Oscar Larrauri nie jest nazwiskiem, które wywołuje dreszcz u przeciętnego fana wyścigów, ale dla tych, którzy znają historię Formuły Jeden od podszewki, jest postacią symboliczną. Ten argentyński kierowca, urodzony w Buenos Aires, rozpoczął swoją drogę w motorsporcie w czasach, gdy europejskie tory były zdominowane przez wielkie nazwiska i zespoły, a wejście do elity wymagało nie tylko talentu, lecz także odpowiednich powiązań i wsparcia.
Larrauri zdobywał doświadczenie w seriach wyścigowych w Europie, startując m.in. w Formule Dwa i Formule Trzy, gdzie wielokrotnie pokazywał potencjał, choć brakowało mu stabilnych wyników.

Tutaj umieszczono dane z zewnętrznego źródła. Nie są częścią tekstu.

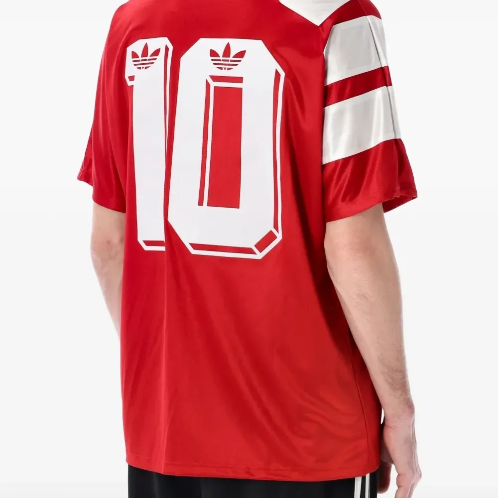 красные детали с цифрами, логотип, V-образный вырез, короткие рукава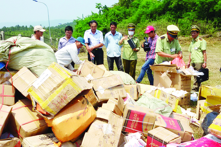 | Lực lượng chức năng tiêu hủy hàng lậu |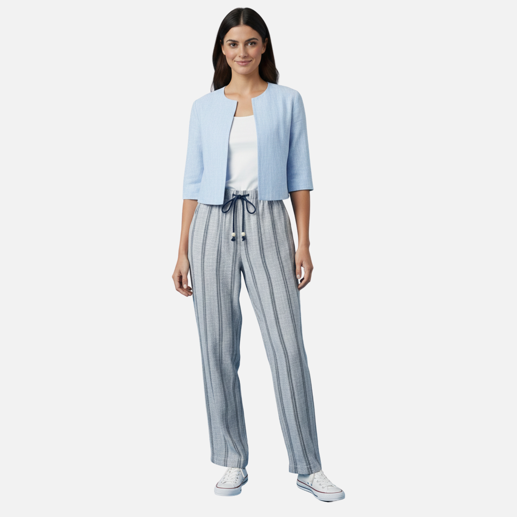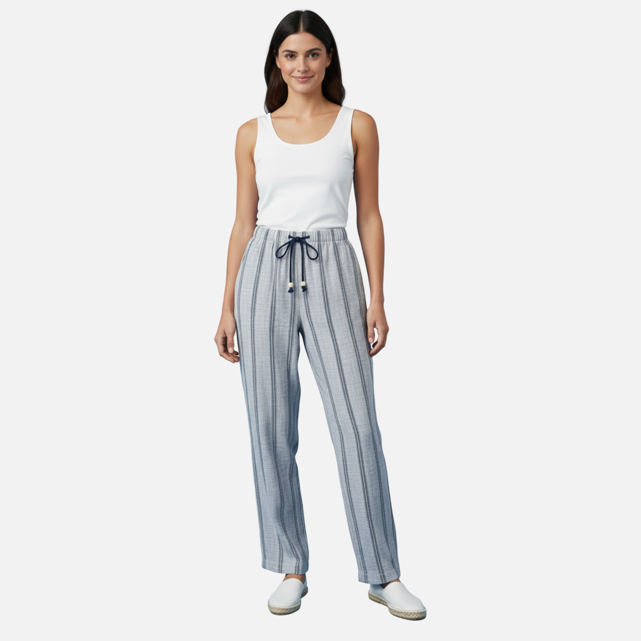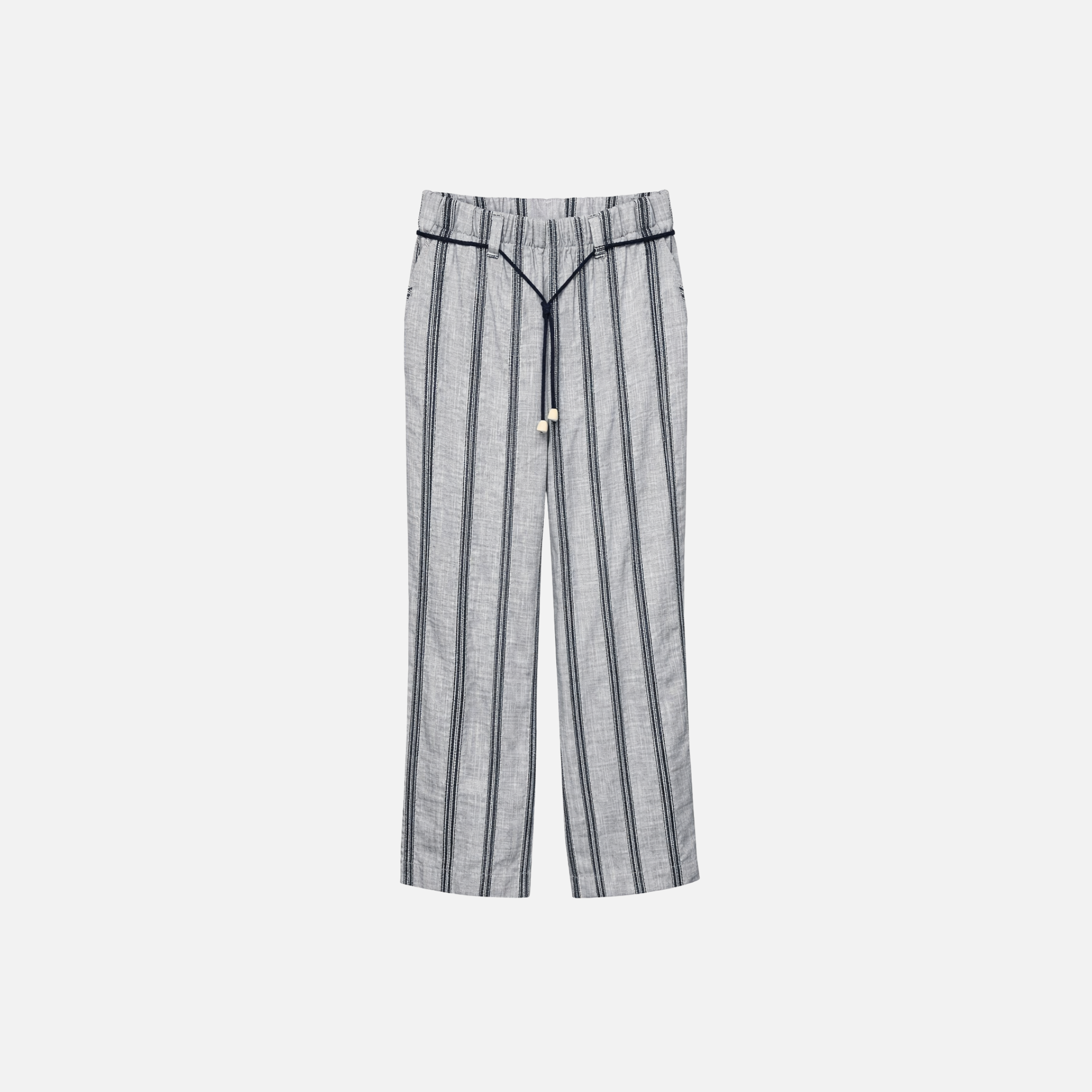 Pantalón recto de color azul y blanco jaspeado y rayas de color azul y blanco. Tiene trabillas en toda la cintura y en las trabillas tiene un cordón.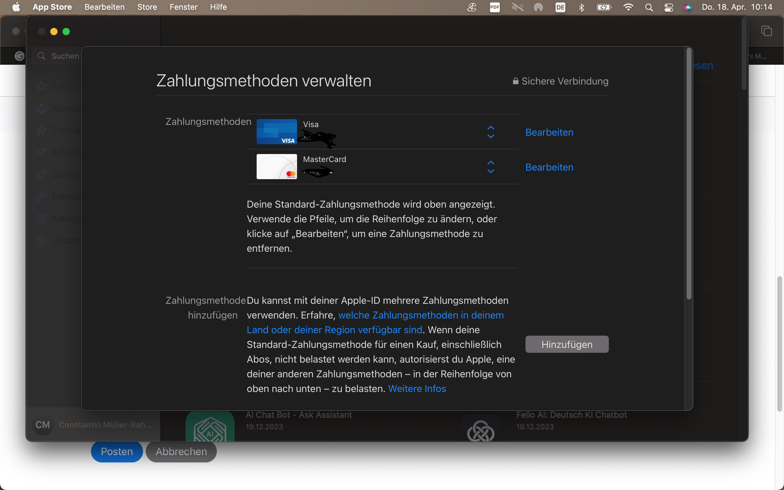 Apple nutzt die hinterlegten Zahlungsmethoden für Abbuchungen in der Reihenfolge, wie sie in deinem Account angezeigt werden, von oben nach unten.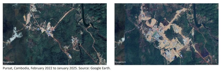 그리고 이와 별개로 캄보디아에서는 온라인 사기의 거점이 되는 곳이 많은 걸로 알려져 있는데 유엔 마약 범죄 사무소에서는 올해 발표한 보고서에 위성 사진을 실었습니다. 온라인 사기의 중심이 되는 캄보디아의 여러 곳들 중 하나인 푸르사트라는 지역에서요. 2022년에서 올해까지 그 온라인 사기에 쓰인 것으로 추정되는 건물과 인프라가 급속도로 확장 중임을 이 위성 사진을 통해서도 보실 수가 있습니다. 하지만 이게 실제로 이 온라인 사기 때문이라고 보기에는 직접적으로 어떤 물론 이제 합리적으로 이런 추정이 가능할 수는 있겠습니다만, 이렇게 단정하기는 어려워 보이지 않나 이렇게 생각을 합니다.

Jego największym sukcesem było jednak dostanie się do Formuły Jeden pod koniec lat osiemdziesiątych, gdzie reprezentował zespół EuroBrun. Był to jednak okres, w którym małe zespoły miały ogromne trudności w rywalizacji z gigantami jak McLaren, Ferrari czy Williams. Larrauri musiał mierzyć się nie tylko z rywalami, lecz także z technicznymi ograniczeniami swojego bolidu, który często nie był w stanie przejść kwalifikacji.

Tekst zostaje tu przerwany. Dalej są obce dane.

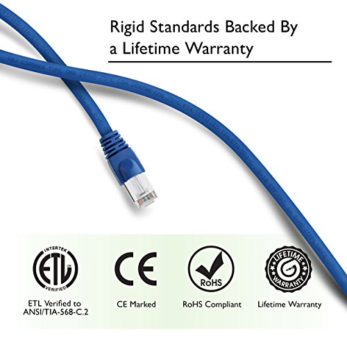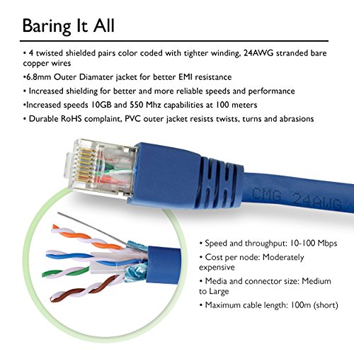 High Performance Cat6a, 24 AWG, RJ45, Shielded Ethernet Cable provides universal connectivity for LAN network components such as PCs, computer servers, printers, routers, switch boxes, network media players, NAS, VoIP phones, PoE devices, and more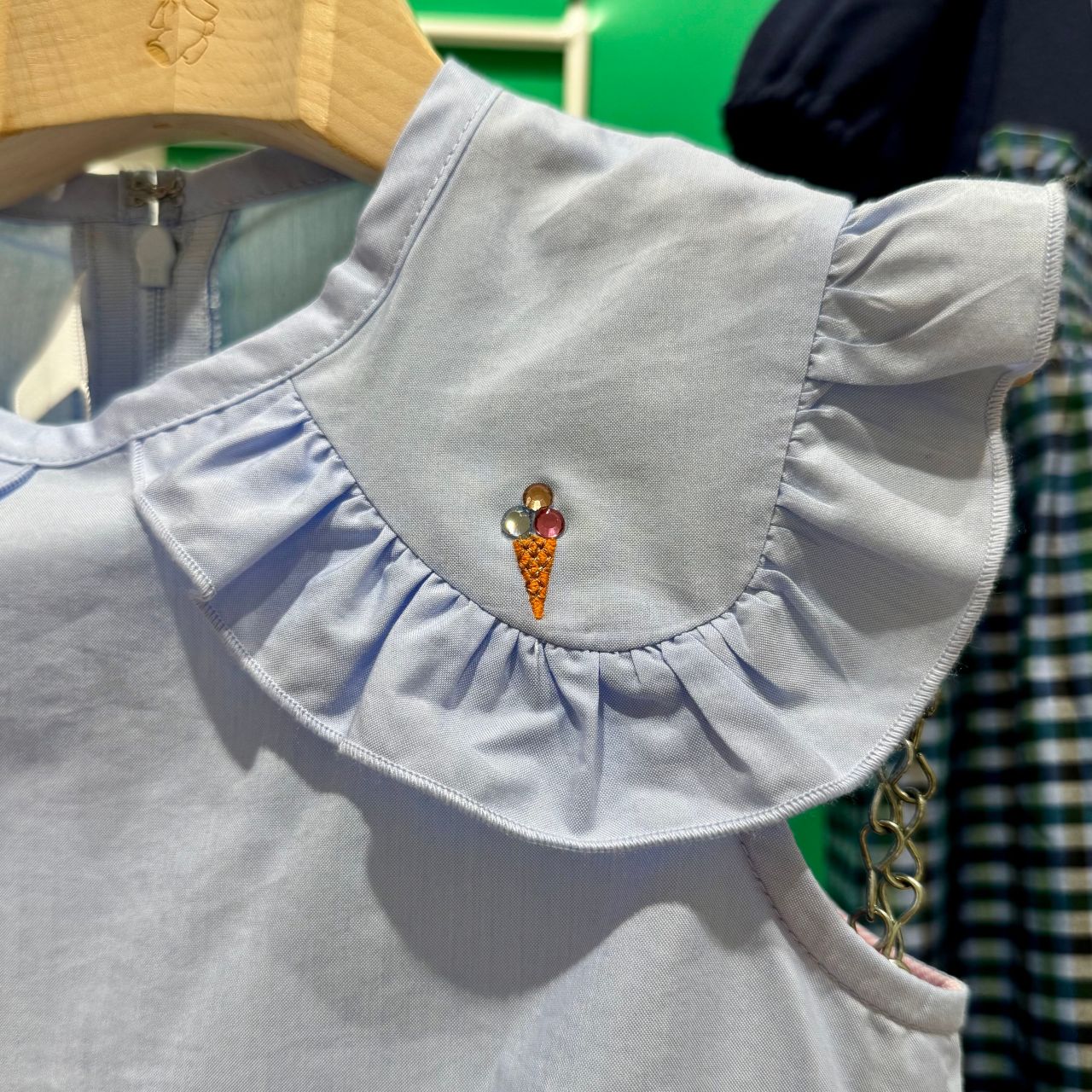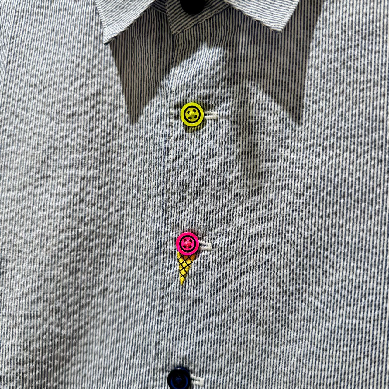 ボタンホール側にコーンの刺繡がついており、ボタンをとめるとアイスクリームになります!

Choć jego przygoda z Formułą Jeden nie przyniosła punktów ani spektakularnych wyników, sam fakt startów w tym prestiżowym cyklu był ogromnym osiągnięciem. Był jednym z nielicznych argentyńskich kierowców, którzy zdołali przebić się na szczyt w czasach coraz większej komercjalizacji i technicznego zaawansowania.

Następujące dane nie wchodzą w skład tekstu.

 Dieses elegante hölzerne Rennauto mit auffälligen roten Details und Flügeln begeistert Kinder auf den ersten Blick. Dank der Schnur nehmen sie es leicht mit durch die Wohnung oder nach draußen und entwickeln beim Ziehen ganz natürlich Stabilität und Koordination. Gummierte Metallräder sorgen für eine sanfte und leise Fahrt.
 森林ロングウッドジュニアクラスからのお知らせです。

Po zakończeniu kariery Larrauri powrócił do wyścigów długodystansowych, a później zajął się działalnością promującą motorsport w swoim kraju. Do dziś uważany jest za inspirację dla młodych zawodników z Ameryki Południowej, którzy chcą pokonać granice kontynentów i próbować swoich sił na arenie międzynarodowej. Oscar Larrauri przypomina, że w świecie wyścigów nie tylko zwycięstwa liczą się w historii – ale także odwaga, by mierzyć się z najlepszymi, nawet bez gwarancji sukcesu.